Story bloat aside, I enjoyed Loki and all it had to offer. I am pleased that we are getting weird plots of branching realities and space magic. Guardians is one of my favorite movies for the same reason. Movies and television deserve weird, conceptual stuff, especially with the advancements of cinematography and CGI. I for one am happy to see Hollywood is no longer interested in playing it safe. That being said, I am remiss to say I was a little disappointed to see Loki was getting a season 2.

I was a dedicated fan of the MCU through its first cycle. I am not ashamed to admit I saw Avengers: Infinity War three times in theaters and Endgame twice. I was most surprised with how I felt after stepping out after Endgame. With the main plot resolved, it was almost like a massive weight had been lifted off my shoulders. I wouldn’t have to dedicated hype and impatience and unrest waiting for the next big cinematic event. I didn’t have to care about Marvel movies any more because the big story was done.
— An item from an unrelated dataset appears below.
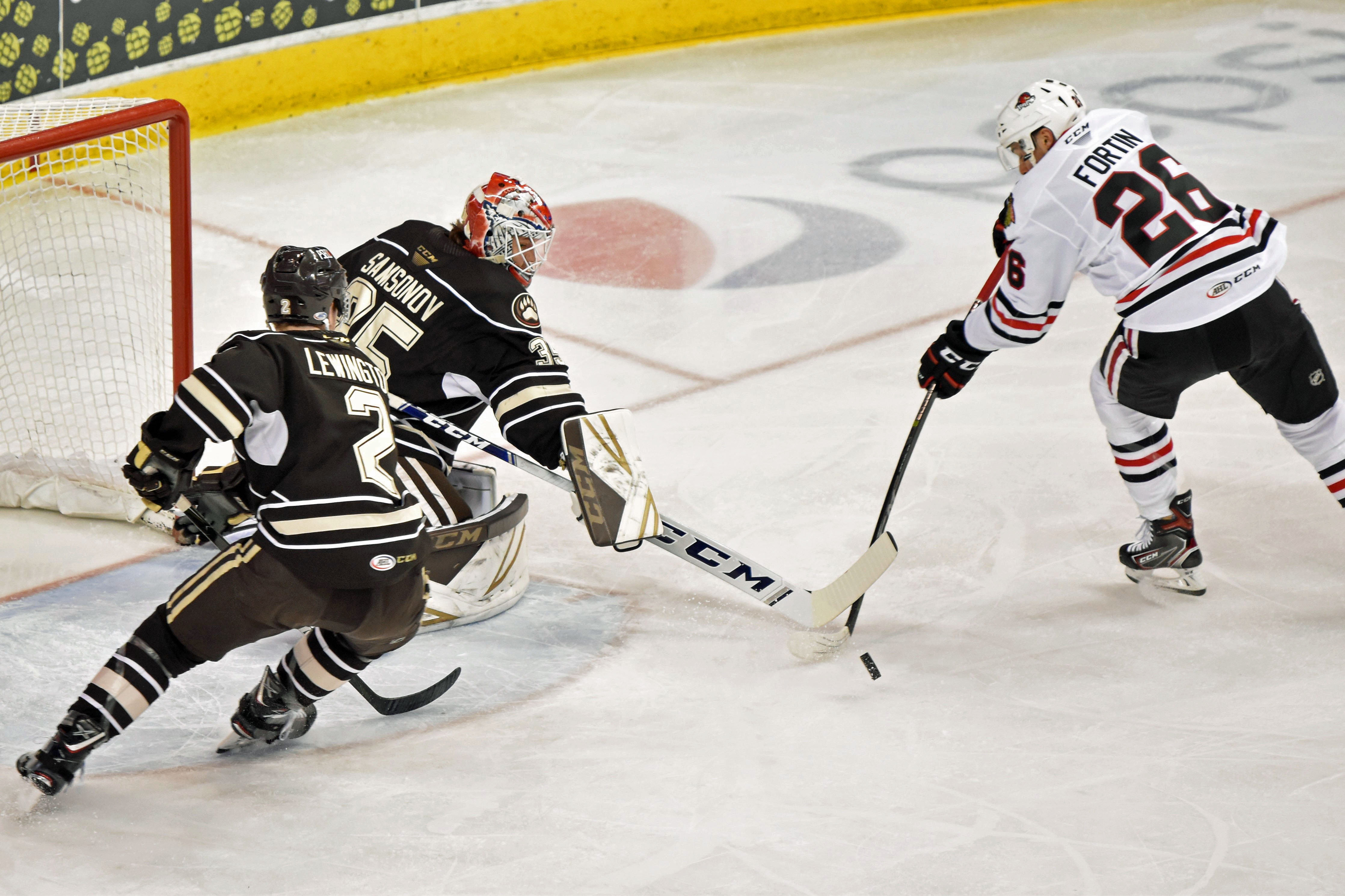 Hershey went 0-for-2 in the opening stanza on the power play, but drew even on an even strength goal. Ryan Sproul received credit for an unassisted goal at 14:54, after banking a sharp-angle shot off IceHogs goaltender Anton Forsberg and into the net. The IceHogs responded on a transition play in the later stages of the first period to grab a 2-1 lead before time expired. Along the left wing, Jacob Nilsson bombed a shot high-glove side on Samsonov at the 17:45 mark. Shots after 20 minutes were 11-8 Bears despite trailing 2-1.

But of course the big story isn’t done. Disney has no plans to retire the Marvel franchise, not until it stops being a money printing machine. The Superhero genre has exploded into practically its own medium with Marvel at the helm. I liked Loki but I don’t want to consume it any more. Unlike Wandavision (which I thought was fantastic,) Loki has a high barrier of entry and serves to keep audiences enthralled and wanting for the next installment. To fully appreciate the plot at all, you will need to have been a fan and avid digester of this series since at the very least 2012. Furthermore, Loki demands you keep watching, not only the single series but the entire MCU catalogue as a whole. What happens in Loki will only be fully resolved by consuming every Marvel movie that comes out for the next three years.

I don’t want to dedicate another decade to Marvel. I would have much preferred Loki as a six episode miniseries with a sendoff that didn’t demand more of me. I just don’t want to care any more.

3 responses to “Loki – Why it’s good and why I don’t want to watch it any more.”

  1. Haha, but we can’t help but care, can we? I love all the delving into the multiverse. I’m fascinated by the idea of multiple universes actually existing, hence the name of my website. Lol In spite of ending up a retail pharmacist, I’ve always been drawn to physics, astronomy and the study of the true nature of reality, so I love the direction Marvel is taking!

    Liked by 1 person

    1. I’ve always love the multiverse concept and Marvel is definitely within the wheelhouse of handling it responsibly. I’m afraid that, since Marvel is such a big name, they risk “normalizing” the concept of the multiverse. That is, if the next big thing is “multiversing” your franchise, we’re just going to have all these messy, convuluted plots with the excuse of “well there are infinite universes so…”

      Liked by 1 person

      1. It will create quite the challenge for sure!